__What is required__: Find the word "features" in the records below. List each line containing it.

START The records

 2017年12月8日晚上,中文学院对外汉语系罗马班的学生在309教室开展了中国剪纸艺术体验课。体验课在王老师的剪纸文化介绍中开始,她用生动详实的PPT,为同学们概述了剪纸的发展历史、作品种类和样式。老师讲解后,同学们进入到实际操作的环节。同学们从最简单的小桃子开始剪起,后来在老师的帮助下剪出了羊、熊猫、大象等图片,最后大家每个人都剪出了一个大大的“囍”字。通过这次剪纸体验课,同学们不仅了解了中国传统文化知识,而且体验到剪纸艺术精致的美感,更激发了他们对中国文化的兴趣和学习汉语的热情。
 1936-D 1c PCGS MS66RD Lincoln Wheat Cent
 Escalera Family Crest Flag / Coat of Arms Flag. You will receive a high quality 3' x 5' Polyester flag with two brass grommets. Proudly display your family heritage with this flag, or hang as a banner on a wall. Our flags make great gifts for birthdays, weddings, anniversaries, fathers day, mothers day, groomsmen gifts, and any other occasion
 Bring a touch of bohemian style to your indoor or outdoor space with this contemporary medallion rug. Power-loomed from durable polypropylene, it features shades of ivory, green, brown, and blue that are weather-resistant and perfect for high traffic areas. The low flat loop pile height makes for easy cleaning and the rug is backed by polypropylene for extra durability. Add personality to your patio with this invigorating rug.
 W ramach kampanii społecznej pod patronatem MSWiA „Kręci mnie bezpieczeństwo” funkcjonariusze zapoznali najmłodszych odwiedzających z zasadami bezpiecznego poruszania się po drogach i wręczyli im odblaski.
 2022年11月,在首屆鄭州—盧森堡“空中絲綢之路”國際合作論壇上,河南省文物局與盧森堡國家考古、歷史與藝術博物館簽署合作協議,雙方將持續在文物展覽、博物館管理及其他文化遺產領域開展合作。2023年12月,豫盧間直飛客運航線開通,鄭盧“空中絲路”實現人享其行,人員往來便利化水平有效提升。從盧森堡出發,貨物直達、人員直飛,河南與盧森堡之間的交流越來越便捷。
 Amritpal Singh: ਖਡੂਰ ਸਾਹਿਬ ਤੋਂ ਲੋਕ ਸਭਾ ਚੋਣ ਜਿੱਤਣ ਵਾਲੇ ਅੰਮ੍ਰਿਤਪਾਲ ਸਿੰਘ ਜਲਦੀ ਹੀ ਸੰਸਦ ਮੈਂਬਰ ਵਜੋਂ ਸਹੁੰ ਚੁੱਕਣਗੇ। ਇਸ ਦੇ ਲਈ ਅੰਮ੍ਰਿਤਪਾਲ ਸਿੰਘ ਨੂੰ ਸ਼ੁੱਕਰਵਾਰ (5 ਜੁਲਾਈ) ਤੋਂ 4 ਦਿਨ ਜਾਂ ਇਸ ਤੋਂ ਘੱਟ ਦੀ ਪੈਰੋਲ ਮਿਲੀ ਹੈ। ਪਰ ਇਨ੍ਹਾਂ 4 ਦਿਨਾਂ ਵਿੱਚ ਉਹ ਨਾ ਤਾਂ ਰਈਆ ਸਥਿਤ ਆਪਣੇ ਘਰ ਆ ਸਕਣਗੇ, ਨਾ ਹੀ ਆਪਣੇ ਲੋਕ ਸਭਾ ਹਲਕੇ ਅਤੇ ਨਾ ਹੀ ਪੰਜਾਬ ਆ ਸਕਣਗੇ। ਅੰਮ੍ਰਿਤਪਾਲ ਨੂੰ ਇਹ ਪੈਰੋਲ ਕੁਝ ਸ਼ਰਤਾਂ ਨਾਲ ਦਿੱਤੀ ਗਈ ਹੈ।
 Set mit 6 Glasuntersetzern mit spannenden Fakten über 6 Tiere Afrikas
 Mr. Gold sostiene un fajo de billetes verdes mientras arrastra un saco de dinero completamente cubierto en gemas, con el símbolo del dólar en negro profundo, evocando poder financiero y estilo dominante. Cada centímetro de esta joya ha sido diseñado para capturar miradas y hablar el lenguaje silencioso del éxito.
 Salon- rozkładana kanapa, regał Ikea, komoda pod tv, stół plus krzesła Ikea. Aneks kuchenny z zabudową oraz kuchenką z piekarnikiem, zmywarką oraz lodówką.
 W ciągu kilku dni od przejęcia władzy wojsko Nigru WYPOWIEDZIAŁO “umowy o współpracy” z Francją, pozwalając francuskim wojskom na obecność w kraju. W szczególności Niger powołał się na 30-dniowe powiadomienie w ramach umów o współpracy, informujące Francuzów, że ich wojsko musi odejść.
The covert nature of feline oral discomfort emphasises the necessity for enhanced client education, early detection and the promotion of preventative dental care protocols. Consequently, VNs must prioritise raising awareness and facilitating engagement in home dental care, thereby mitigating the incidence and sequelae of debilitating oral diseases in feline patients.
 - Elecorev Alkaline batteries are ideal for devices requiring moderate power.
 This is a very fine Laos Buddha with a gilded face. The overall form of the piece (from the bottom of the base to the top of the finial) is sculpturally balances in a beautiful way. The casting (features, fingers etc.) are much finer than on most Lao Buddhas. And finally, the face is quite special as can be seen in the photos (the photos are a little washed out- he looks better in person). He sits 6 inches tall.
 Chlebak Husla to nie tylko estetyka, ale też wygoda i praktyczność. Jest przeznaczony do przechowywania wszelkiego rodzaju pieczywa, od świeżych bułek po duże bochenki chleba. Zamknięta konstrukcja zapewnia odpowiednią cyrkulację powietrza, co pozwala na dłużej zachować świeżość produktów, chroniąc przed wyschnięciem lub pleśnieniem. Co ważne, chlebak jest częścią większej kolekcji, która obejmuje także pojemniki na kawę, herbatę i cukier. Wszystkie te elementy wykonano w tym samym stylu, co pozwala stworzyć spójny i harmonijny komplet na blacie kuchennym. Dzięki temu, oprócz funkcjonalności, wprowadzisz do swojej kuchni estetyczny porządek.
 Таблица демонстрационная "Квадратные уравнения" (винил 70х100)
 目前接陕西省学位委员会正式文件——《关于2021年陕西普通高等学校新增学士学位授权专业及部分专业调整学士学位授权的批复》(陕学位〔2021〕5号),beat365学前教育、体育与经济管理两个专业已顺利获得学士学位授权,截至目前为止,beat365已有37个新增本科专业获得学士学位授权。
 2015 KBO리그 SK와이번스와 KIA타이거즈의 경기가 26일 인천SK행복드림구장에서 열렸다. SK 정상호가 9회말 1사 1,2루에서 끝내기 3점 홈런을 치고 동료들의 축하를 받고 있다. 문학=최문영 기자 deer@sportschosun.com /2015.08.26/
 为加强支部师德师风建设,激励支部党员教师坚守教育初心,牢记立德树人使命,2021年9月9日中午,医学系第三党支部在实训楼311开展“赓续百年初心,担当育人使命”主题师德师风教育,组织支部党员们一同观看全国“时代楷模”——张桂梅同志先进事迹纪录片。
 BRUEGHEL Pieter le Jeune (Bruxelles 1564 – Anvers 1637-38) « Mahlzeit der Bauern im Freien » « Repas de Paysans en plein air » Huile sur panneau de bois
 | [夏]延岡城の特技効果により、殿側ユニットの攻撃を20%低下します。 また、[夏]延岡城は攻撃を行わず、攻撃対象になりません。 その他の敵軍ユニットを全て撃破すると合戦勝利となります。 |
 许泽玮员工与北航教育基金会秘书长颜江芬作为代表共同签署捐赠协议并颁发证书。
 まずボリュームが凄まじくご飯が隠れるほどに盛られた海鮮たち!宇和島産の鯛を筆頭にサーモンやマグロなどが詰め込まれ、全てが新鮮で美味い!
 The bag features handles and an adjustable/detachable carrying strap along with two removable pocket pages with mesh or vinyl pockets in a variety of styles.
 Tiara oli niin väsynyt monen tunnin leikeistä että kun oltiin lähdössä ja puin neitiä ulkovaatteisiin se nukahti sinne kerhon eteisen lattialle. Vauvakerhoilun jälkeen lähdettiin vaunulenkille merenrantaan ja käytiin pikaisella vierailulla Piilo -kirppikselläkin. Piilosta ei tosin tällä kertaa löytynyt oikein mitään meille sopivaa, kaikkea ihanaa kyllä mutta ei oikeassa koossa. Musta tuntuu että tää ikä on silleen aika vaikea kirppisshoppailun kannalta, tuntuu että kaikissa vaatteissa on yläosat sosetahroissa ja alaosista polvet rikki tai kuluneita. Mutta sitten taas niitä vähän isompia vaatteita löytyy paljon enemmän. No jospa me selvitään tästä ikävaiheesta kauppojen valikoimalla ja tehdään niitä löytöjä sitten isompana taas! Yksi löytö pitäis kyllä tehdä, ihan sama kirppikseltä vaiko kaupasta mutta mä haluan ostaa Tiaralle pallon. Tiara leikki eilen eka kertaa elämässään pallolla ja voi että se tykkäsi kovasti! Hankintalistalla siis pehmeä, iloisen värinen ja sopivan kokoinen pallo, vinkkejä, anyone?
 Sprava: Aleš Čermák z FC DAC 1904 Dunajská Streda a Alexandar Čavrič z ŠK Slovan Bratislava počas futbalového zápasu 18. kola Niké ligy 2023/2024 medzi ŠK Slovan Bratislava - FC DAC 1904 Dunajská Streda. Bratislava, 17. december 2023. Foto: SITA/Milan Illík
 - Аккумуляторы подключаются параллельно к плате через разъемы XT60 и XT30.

END The records

__Worked solution__:
 Bring a touch of bohemian style to your indoor or outdoor space with this contemporary medallion rug. Power-loomed from durable polypropylene, it features shades of ivory, green, brown, and blue that are weather-resistant and perfect for high traffic areas. The low flat loop pile height makes for easy cleaning and the rug is backed by polypropylene for extra durability. Add personality to your patio with this invigorating rug.
 This is a very fine Laos Buddha with a gilded face. The overall form of the piece (from the bottom of the base to the top of the finial) is sculpturally balances in a beautiful way. The casting (features, fingers etc.) are much finer than on most Lao Buddhas. And finally, the face is quite special as can be seen in the photos (the photos are a little washed out- he looks better in person). He sits 6 inches tall.
 The bag features handles and an adjustable/detachable carrying strap along with two removable pocket pages with mesh or vinyl pockets in a variety of styles.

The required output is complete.